松竹という会社の重厚長大主義、教条的な意識、前近代的なセンスの犠牲になって解散の憂き目をみたのが松竹歌劇団だった。本拠地としていた浅草の地盤沈下、国際劇場という名の仮設巨大劇場ももちろん責任の一端は担わなければならない。
演出の依頼をうけ始めて国際劇場に足を踏み入れまずショックを受けたのが、あの広い舞台の稽古場が劇場を取り巻く廊下だったことだ。薄汚れたその空間には昭和の初めの臭いが残り、豪華絢爛を謳い文句にしたあのSKDレビューがここから生まれるとは到底想像できなかった。その狭いウナギの寝床に年端のいかない少女からベテランのスターが集まってレビュー創りにいそしむ。その不思議な光景は、規律正しい生徒の生活態度と見事なまでのミスマッチで粛々とレビューが創られていた。があの空間に慣れるというのは恐ろしいことで、スタッフもキャストもそうした時代の汚れや空間の貧しさ、ベタな色彩への反発を失い、気がつくとどうしようもない時代感覚とのずれが生まれてしまっていた。
かくてSKDはフィナーレを迎えたのだが、千羽ちどり、高城美輝、明石薫、銀ひ乃での4人がレビューへの愛情断ちがたく始めたのが、STAS レビュー・ファンタジーだった。当初の公演は国際劇場での思い出にひっぱられ、4人の情熱とともに、無駄な道具やら趣味のよくない衣装に辟易とさせられた。金がないという現実をまえに、イメージだけがかっての松竹大歌劇であっては勢い貧乏くさい舞台にならざるをえない。急ごしらえの群舞も不揃えで下手という悲しさだった。

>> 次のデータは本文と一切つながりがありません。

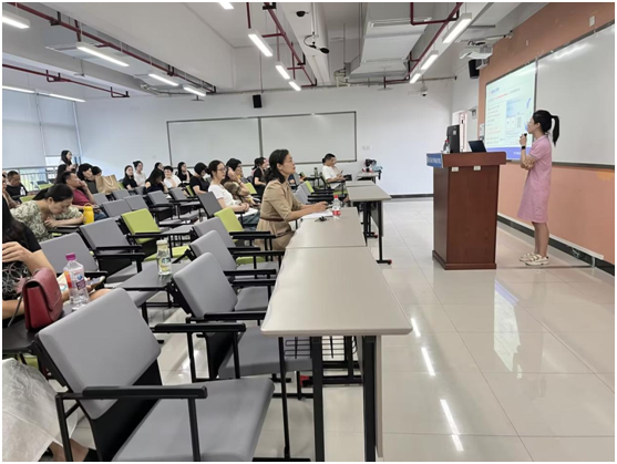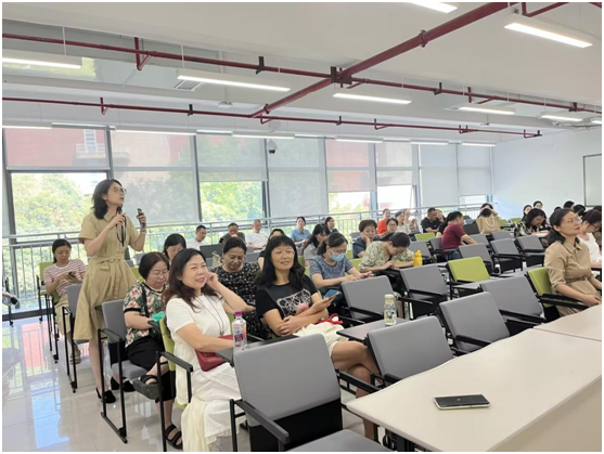 紧接着,本次教研活动围绕大学外语教师数字素养提升,邀请了长江雨课堂的培训老师汪静为老师分享了如何利用雨课堂开展课堂内外的数字化教学。汪老师介绍了雨课堂的功能概要,通过课堂内外使用雨课堂,可以紧密联系师生,辅助数据采集,协同教学分析,优化数字化教学设计,从而提升教学质量。在具体使用上,汪老师介绍了雨课堂的PPT同步、直播录播、限时习题、弹幕互动、投稿互动、随机点名、不懂反馈、课堂小结、PPT试卷制作发布、数据搜集等实践操作,让外语教师们更全面地了解了雨课堂在数字化教学方面的潜力。

そして18年が過ぎた。4人の情熱は持続し久しぶりに舞台を拝見した。だいぶ無駄がとれ、スッキリとした出来上がり、群舞の若いメンバーも格段に上手くなった。打ち込みの音楽もかなりショウアップして楽しめる。4人は相変わらず頑張っている。若手では日高理恵、芹なづな、の進境いちじるしかった。篠井さんもいい仕事をしていたが、それでもベストシーンは、かっての松見登によるシング・シング・シングであったのはなぜ。この国では振付という仕事が恵まれず、振付師が自己投資できないので、新しい才能が育たない。いろいろなことを考えながら浅草公会堂を後にした。ふと見上げると建築中のスカイツリーが21世紀を告げていた。どぜうの飯田屋は内装もすっかりいまどきの和モダンになり、20年前の味そのままに迎えてくれた。
SKD松竹歌劇の20年後…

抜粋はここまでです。